1779: Instrumento GRAVITY abre novos caminhos na obtenção de imagens de exoplanetas

O instrumento GRAVITY montado no VLTI (Interferómetro do Very Large Telescope) do ESO obteve a sua primeira observação directa de um exoplaneta, utilizando interferometria óptica. Este método revelou uma atmosfera exoplanetária complexa com nuvens de ferro e silicatos no seio de uma tempestade que engloba todo o planeta. Esta técnica apresenta possibilidades únicas para caracterizar muitos dos exoplanetas que se conhecem actualmente. Esta imagem artística mostra o exoplaneta observado, HR 8799e.
Crédito: ESO/L. Calçada

O instrumento GRAVITY montado no VLTI (Interferómetro do Very Large Telescope) do ESO obteve a sua primeira observação directa de um exoplaneta, utilizando interferometria óptica. Este método revelou uma atmosfera exoplanetária complexa com nuvens de ferro e silicatos no seio de uma tempestade que engloba todo o planeta. Esta técnica apresenta possibilidades únicas para caracterizar muitos dos exoplanetas que se conhecem actualmente.

Este resultado foi anunciado numa carta à revista Astronomy & Astrophysics pela Colaboração GRAVITY, na qual foram apresentadas observações do exoplaneta HR 8799e usando interferometria óptica. Este exoplaneta foi descoberto em 2010 em órbita de uma estrela jovem de sequência principal, HR 8799, situada a cerca de 129 anos-luz de distância da Terra na constelação de Pégaso.

Os resultados, que revelam novas características de HR 8799e, necessitaram de um instrumento de muito alta resolução e sensibilidade. O GRAVITY pode usar os quatro Telescópios Principais do VLT do ESO em uníssono como se de um único telescópio enorme se tratassem, utilizando uma técnica conhecida por interferometria. Este super-telescópio — o VLTI — recolhe e separa de forma precisa a radiação emitida pela atmosfera de HR 8799e e a radiação emitida pela sua estrela progenitora.

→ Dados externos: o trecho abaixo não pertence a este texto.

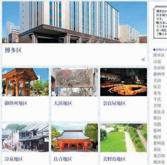
「しっとく博多区」のトップページ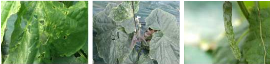
【잎이 찢어진 피해】 【순뭇이, 새순 탈색 피해】 【오이 과피의 피해】

⇒ 식물체의 잎이 찢어지거나, 순뭇이, 새순 탈색, 과피에 코르크 현상 등 피해증상이 나타나면 즉시 응애 방제 약제를 식물체 전체에 골고루 살포하여 방제하고 벧짚은 적당한 양 사용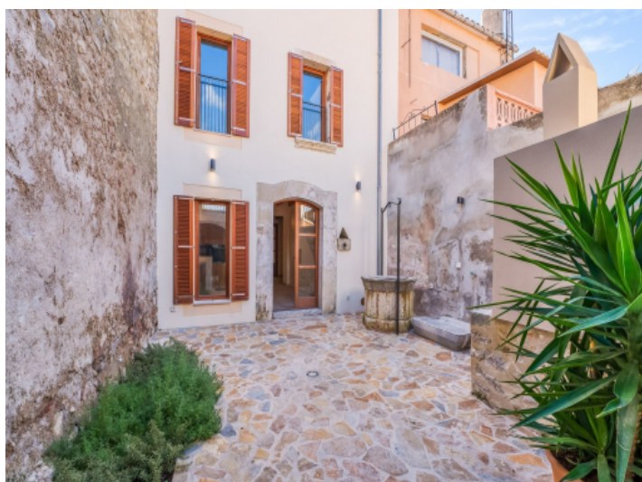
Patio de Houses

HR 8799e é um exoplaneta do tipo “super-Júpiter”, um mundo diferente de qualquer um dos planetas existentes no Sistema Solar, já que é mais massivo e muito mais jovem do que qualquer dos planetas que orbita o nosso Sol. Com apenas 30 milhões de anos, este exoplaneta bebé é suficientemente jovem para dar aos astrónomos pistas sobre a formação de planetas e sistemas planetários. O exoplaneta é completamente inóspito — a energia que restou da sua formação e um forte efeito de estufa fazem com que HR 8799e apresente uma temperatura de cerca de 1000º C à sua superfície.

Esta é a primeira vez que interferometria óptica é utilizada para revelar detalhes sobre um exoplaneta e a nova técnica deu-nos um espectro extremamente detalhado com uma qualidade sem precedentes — dez vezes mais detalhado do que observações anteriores. As medições levadas a cabo pela equipa revelaram a composição da atmosfera de HR 8799e — a qual contém algumas surpresas.

“A nossa análise mostrou que HR 8799e tem uma atmosfera que contém muito mais monóxido de carbono do que metano — algo que não se espera do equilíbrio químico,” explica o líder da equipa Sylvestre Lacour, investigador do CNRS no Observatório de Paris – PSL e no Instituto Max Planck de Física Extraterrestre. “A melhor maneira de explicar este resultado surpreendente é com elevados ventos verticais no seio da atmosfera, os quais impedem o monóxido de carbono de reagir com o hidrogénio para formar metano.”

A equipa descobriu que a atmosfera contém igualmente nuvens de poeira de ferro e silicatos. Quando combinado com o excesso de monóxido de carbono, este facto sugere-nos que a atmosfera de HR 8799e esteja a sofrer os efeitos de uma enorme e violenta tempestade.

“As nossas observações sugerem uma bola de gás iluminada do interior, com raios de luz quente em movimento nas nuvens escuras tempestuosas,” explica Lacour. “A convecção faz movimentar as nuvens de partículas de ferro e silicatos, que se desagregam provocando chuva no interior. Este cenário mostra-nos uma atmosfera dinâmica num exoplaneta gigante acabado de formar, onde ocorrem processos físicos e químicos altamente complexos.”

Este resultado junta-se ao já impressionante conjunto de descobertas feitas com o auxílio do GRAVITY, as quais incluem a observação do ano passado de gás a espiralar com uma velocidade de 30% da velocidade da luz na região logo a seguir ao horizonte de eventos do buraco negro super-massivo que se situa no Centro Galáctico. Este novo resultado acrescenta mais uma maneira de observar exoplanetas ao já extenso arsenal de métodos disponíveis aos telescópios e instrumentos do ESO — abrindo caminho a muitas outras descobertas impressionantes.